Have we made assurances doubly sure that the innocent herdsman (not the evil forest kidnapper) swaddling his AK-47, ‘dashed’ him by his sponsor, has been well informed that what he thought was a weapon against rustlers is now his mobile death sentence? Can we differentiate between the ignorant herder and the hardened kidnapper-herder…

If anyone is seen with an AK-47 (and we assume, any other forms of munitions), shouldn’t they be given the opportunity to disarm or surrender?

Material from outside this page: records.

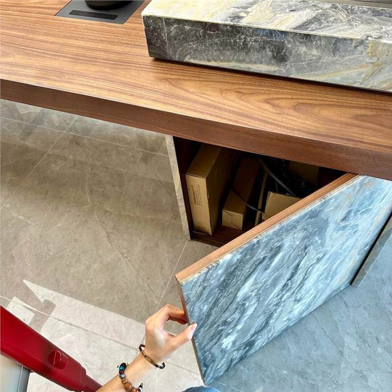 极简实木茶桌设计师别墅泡茶台简约大理石茶台黑百花岩板茶桌 意式
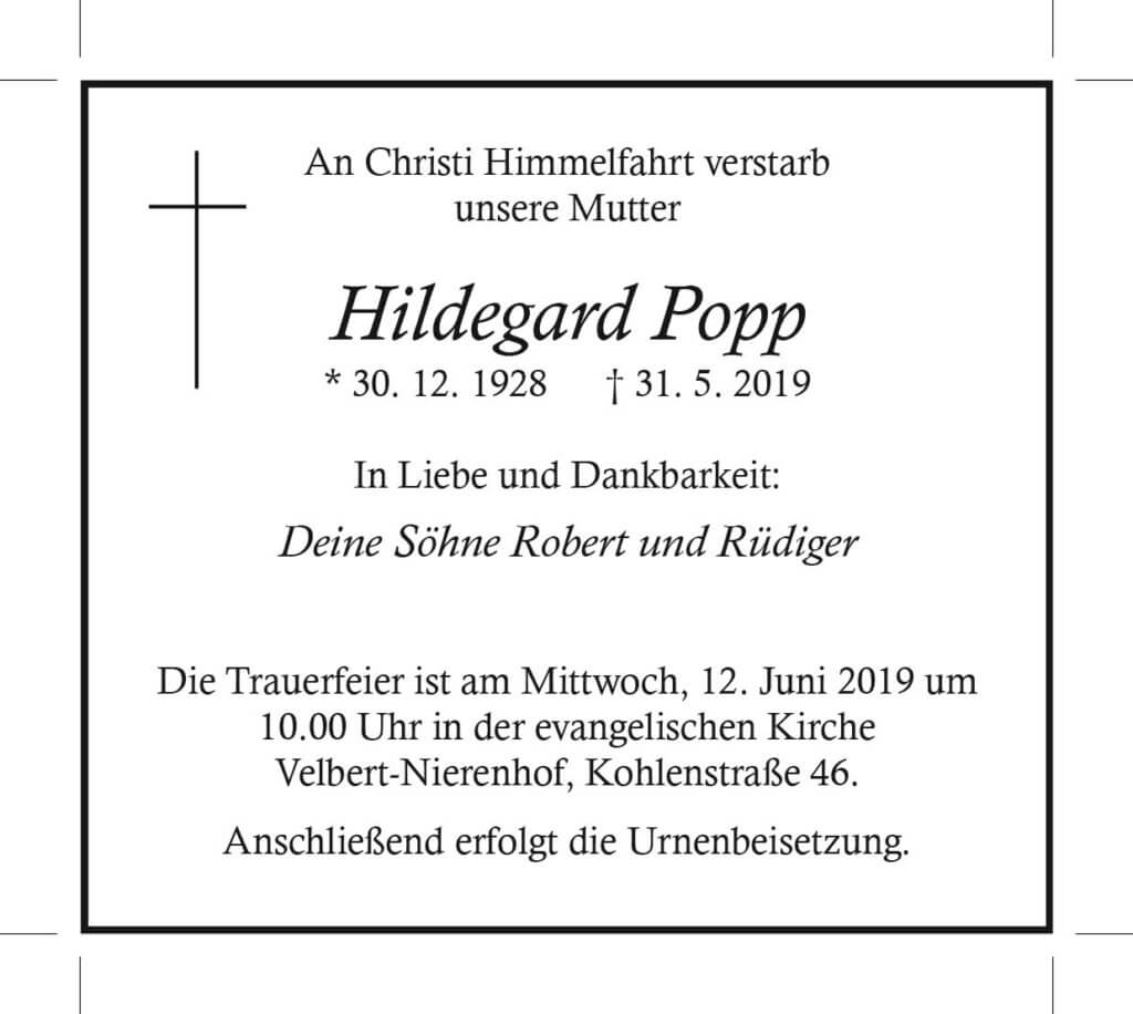 Hildegard Popp † 31. 5. 2019
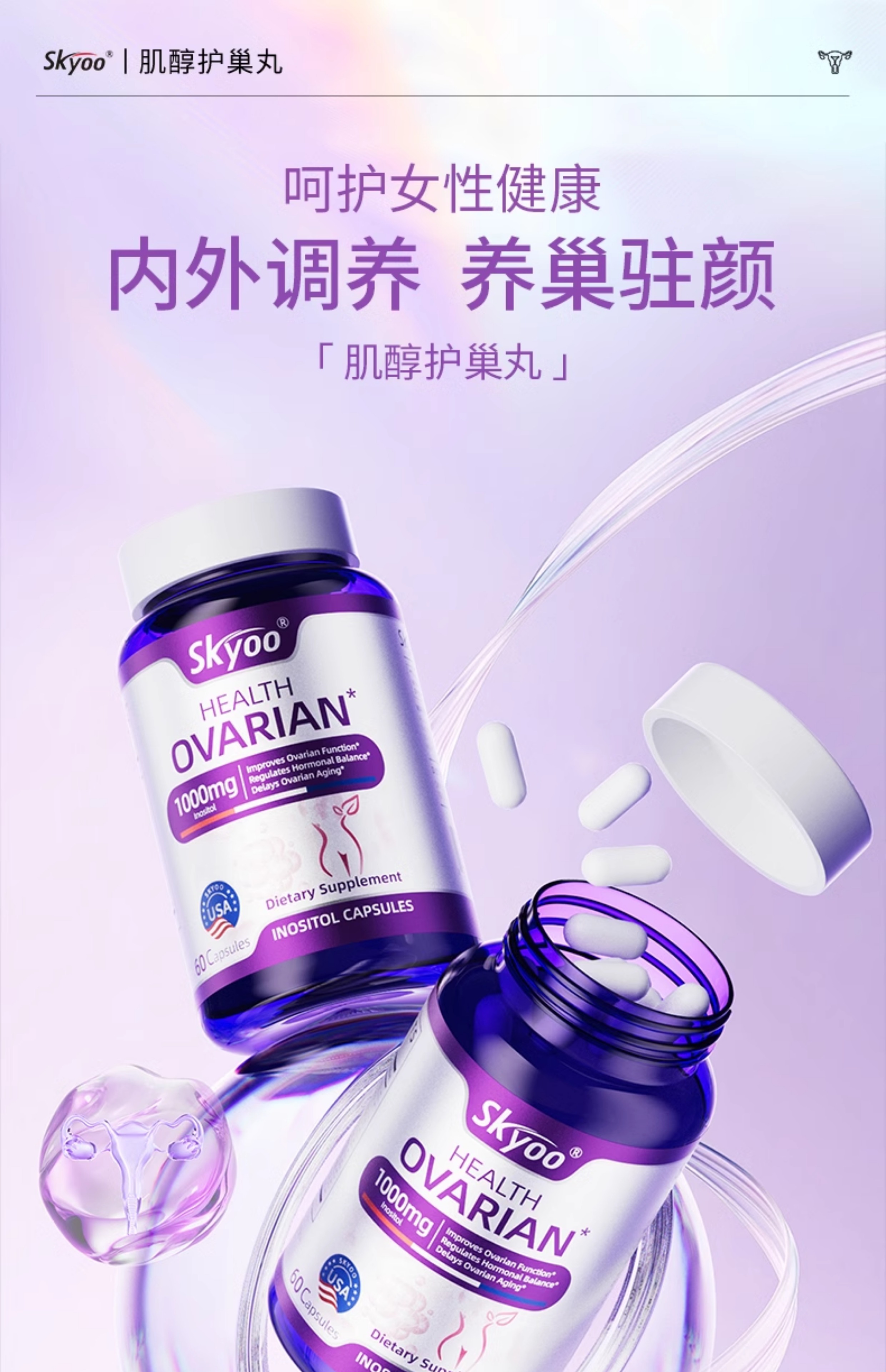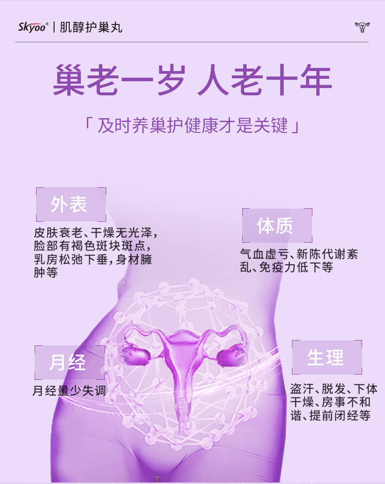 skyoo贵妇护巢丸肌醇胶囊卵巢滋补内调平衡女性保养品美国进口

To merely shoot (to kill?) suspected criminals without ascertaining if lives of our security people are endangered, or the suspects are unwilling to engage, is another level of carnage – state sanctioned murder.
Every idiot deserves a redeeming opportunity – apart from sworn enemy combatants like Boko Haram insurgents, who have chosen to wage war against their country.

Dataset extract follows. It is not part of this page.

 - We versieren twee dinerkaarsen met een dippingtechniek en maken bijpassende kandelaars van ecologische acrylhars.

Methinks, we shouldn’t use crime to fight crime… there’s a place called ICC…the Hague ‘villa’ down the road!
“On the same night that two Nigerians won Grammy awards (well one individual, the other a collective), what insensate Channels TV (News @ 10) gave us was the same fare of killings, kidnappings and all the dreary horrible stuff, as usual.
The news of the hour eventually came at nearly 50 minutes after the news started… as part of the Entertainment News! On a Sunday for that matter.

Hogwash! Backward people! I hope other stations showed more sense, and balanced judgement.
Thank you my friend, Muyiwa Akintunde, for pointing this out. Why are we strung up on bad news, and jaundiced over any good stuff? Is the unusual not part of the news element?
Next excuse, please… Opposite People! Congratulations, Burna Boy…and WhizKid.
“I’ve been out of circulation for some time, so I’ve missed some news; but these extracts (below) gave me great pleasure while scrolling down my news stuff. Never thought I’d read such from a Nigerian high official: ‘Dear Nigerians, you are by now very aware of the news trending that the federal govt has increased the price of petrol to N212.6 per liter… Irrespective of the source of that information, I want to assure you that it is completely untrue… In conclusion, I want to sincerely apologise to all Nigerians for any distress and inconvenience, the unfortunate information might have caused. Thank you, Timipre Sylva’.
If this is true (you never know with the Fake News industry), then a hearty thank you to Timipre, and his colleagues, for restating our humanity…in such simple matters as courtesies and prompt clarity. Excellent intervention.
“News: Military will soon crush bandits, kidnappers in North West – Air Force Chief
My Point: Bros, don’t give us gist…we don’t want “we go, we go”. Just do it and tell us later. O ya, go and crush them. Thank you.

“This popular terrorism amongst Yoruba’s so-called “freedom fighters” should stop…before they lose their way irretrievably. What is funky in abusing and threatening your elders and traditional rulers because they don’t get your point?
Is this how you want to rule when you get your Oduduwa Republic? Governance by youthful harassment and terrorism? Consensus by force of brutish might, not logic? Woes and pestilence for opposing views? Abeg stop this nonsense before you climb the tree beyond the leaves… Apologies won’t cut it, anymore.

“News: APC plans to be in power for another 32 years – Buni
My Point: Politicians are so poor students of history! They never learn.
Was it not PDP chair, Vincent Ogbulafor who boasted in 2014 that his party, confident of dusting the battle-weary GMB again at the 2015 polls, would rule for another 60 years? Six months after, they were picking their tongues on the floor, after a dramatic and unimaginable drubbing at the polls.

Now, as if in echo chamber, another party chair (though interim), has begun huffing and puffing about ruling for decades (at least, eight terms), when he cannot guarantee seeing tomorrow!
Is genuine solicitation for power that predictable and certain? Or this verbal diarrhoea is peculiar to Nigerian politicians? And they really don’t mean what they say – just puff and purr?”